Film-coating gives windows temperature control

A film coating that allows windows to harvest the sun’s energy in winter to heat a home and reflect it in summer to keep it cool is under development in a British-American project.

The fabricated smart windows are shown in both states, showing that the visible light transmitted changes very little (Image: Youngblood Photonics Lab)

The research into the development of energy-efficient windows was conducted at the University of Oxford and the University of Pittsburgh and was funded as part of the EPSRC Collaboration between wearable and flexible technologies. The team’s findings were recently published in ACS Photonics.

“The most important innovation is that these windows can change according to seasonal needs,” said Nathan Youngblood, assistant professor of electrical and computer engineering at the University of Pittsburgh and first author. “In winter they absorb near-infrared light from the sun and convert it into heat for the inside of a building. In the summer months, the sun can be reflected instead of absorbed.”

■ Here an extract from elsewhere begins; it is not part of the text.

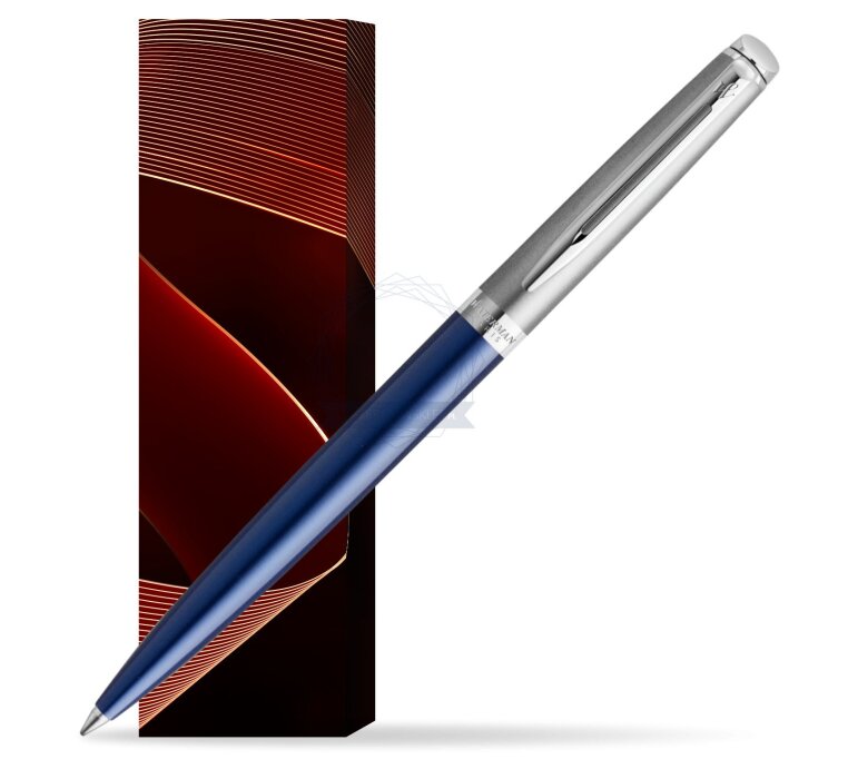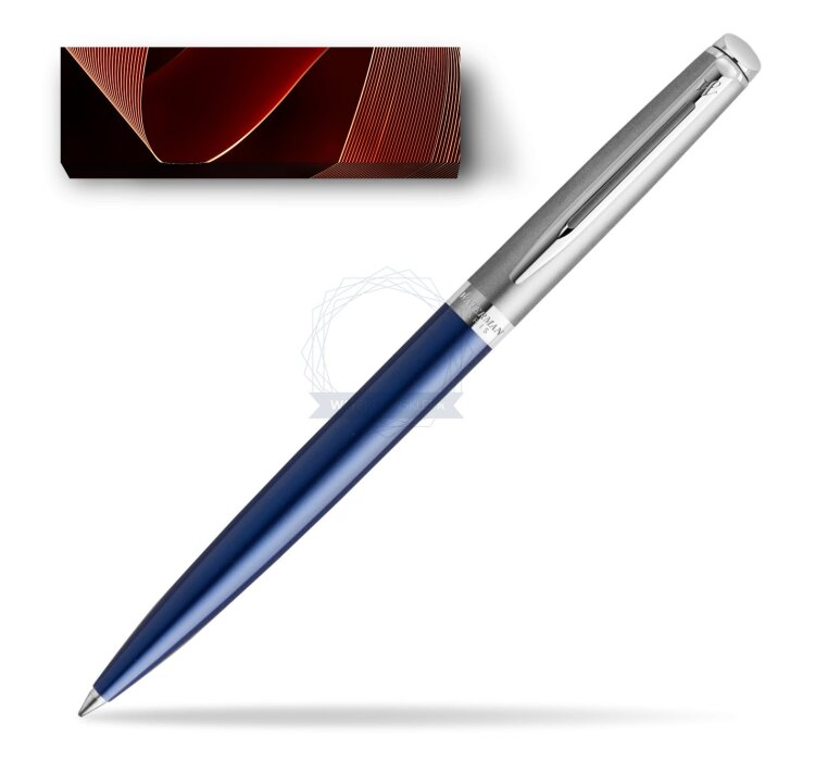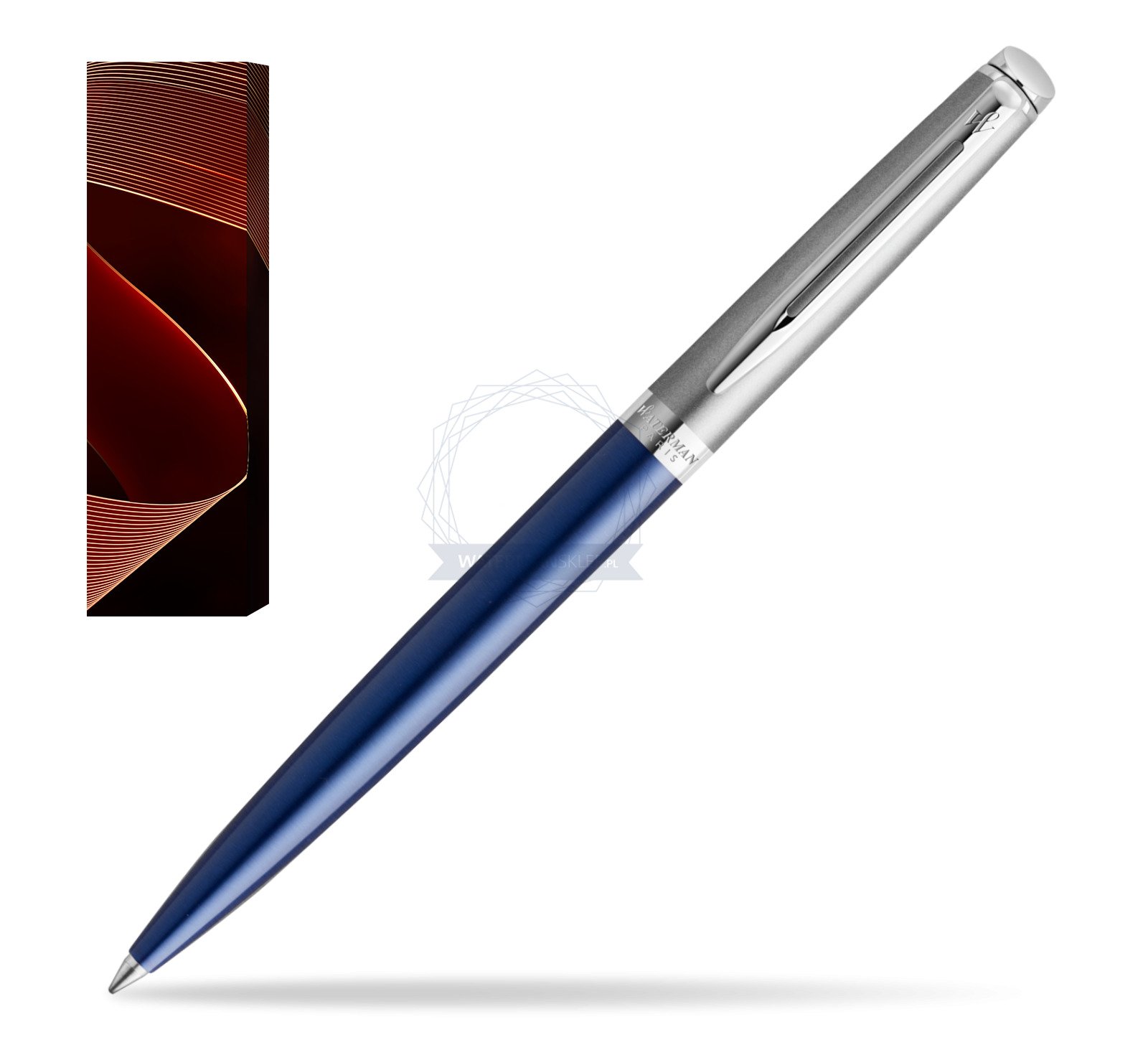 Waterman Hémisphère długopis, stal szlachetna i matowy niebieski lakier z chromowanym wykończeniem, końcówka medium z niebieskim tuszem, pudełko upominkowe.

The film would consist of an optical stack of materials less than 300 nm thick, with a very thin active layer made of phase-change materials that absorb invisible wavelengths of sunlight and release it as heat. That same material can be ‘switched’ so that it turns those wavelengths of light away.

NTU team develops energy-saving glass

“Importantly, visible light is transmitted almost identically in both states, so you wouldn’t notice the change in the window,” Youngblood said. “That aesthetic consideration is critical to the adoption of green technologies.”

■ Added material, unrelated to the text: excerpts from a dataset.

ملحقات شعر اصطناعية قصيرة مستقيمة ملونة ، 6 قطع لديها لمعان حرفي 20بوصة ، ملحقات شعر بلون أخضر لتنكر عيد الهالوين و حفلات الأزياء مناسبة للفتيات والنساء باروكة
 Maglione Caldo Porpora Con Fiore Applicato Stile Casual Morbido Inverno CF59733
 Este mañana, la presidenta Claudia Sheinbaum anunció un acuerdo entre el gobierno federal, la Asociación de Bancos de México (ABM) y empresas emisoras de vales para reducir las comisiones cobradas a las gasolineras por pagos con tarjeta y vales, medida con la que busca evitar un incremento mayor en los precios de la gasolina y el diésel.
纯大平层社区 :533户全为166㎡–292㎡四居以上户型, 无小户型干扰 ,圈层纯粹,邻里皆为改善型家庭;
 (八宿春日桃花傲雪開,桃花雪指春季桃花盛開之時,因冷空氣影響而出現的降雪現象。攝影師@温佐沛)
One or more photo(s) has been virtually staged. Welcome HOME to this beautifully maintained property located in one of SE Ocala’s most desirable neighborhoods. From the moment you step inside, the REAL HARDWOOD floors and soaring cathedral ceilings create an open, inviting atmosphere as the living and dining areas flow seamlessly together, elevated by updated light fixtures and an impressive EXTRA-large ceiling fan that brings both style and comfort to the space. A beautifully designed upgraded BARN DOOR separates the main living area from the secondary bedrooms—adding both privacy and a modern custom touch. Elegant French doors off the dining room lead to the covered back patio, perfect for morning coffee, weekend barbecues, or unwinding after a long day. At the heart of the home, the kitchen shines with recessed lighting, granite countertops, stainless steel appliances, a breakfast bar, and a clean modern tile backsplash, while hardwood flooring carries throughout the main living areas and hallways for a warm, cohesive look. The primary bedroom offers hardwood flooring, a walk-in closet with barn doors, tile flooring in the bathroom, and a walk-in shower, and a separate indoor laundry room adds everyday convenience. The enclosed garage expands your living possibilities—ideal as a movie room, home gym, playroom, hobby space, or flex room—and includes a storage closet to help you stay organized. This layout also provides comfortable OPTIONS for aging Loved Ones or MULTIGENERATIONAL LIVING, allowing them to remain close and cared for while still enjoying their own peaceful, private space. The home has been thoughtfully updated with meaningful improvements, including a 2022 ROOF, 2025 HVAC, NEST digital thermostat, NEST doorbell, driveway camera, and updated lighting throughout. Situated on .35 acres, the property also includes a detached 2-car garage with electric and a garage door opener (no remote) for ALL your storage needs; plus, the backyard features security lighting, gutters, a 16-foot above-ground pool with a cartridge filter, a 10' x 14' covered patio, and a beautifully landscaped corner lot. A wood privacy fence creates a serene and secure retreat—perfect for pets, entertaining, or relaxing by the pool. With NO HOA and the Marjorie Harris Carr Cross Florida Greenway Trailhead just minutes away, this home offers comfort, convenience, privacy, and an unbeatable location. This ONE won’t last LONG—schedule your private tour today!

The material can be adjusted for more precise temperature control so that 30 percent of the material dissipates heat while 70 percent absorbs and releases it.

Harish Bhaskaran, professor in Oxford’s materials department who led both the research and the WAFT consortium, said: “Here we use tuning how invisible wavelengths are emitted or reflected to modulate temperature. These ideas came about with the help of our long-standing industrial employees and are the result of lengthy research.”

The researchers estimate that using these windows — including the energy needed to power the foil — would save 20 to 34 percent in energy consumption per year compared to double glazing.

To create and test their prototypes, the researchers collaborated with Bodle Technologies, a company specializing in ultra-thin reflective films that can function as displays by controlling color and light, plus Eckersley O’Callaghan, an engineering and architectural firm, and plasma app, a thin film company.

“This work demonstrates yet another interesting optoelectronic application of phase-change materials with the potential to significantly improve our everyday lives,” said Peiman Hosseini, CEO of Bodle Technologies. “The commercialization of PCM-based tunable low-e glass panels still has a number of significant challenges to overcome; however, these preliminary results prove that the long development road ahead is certainly justified. I believe this technology should be part of any future holistic policy approach to tackle climate change.”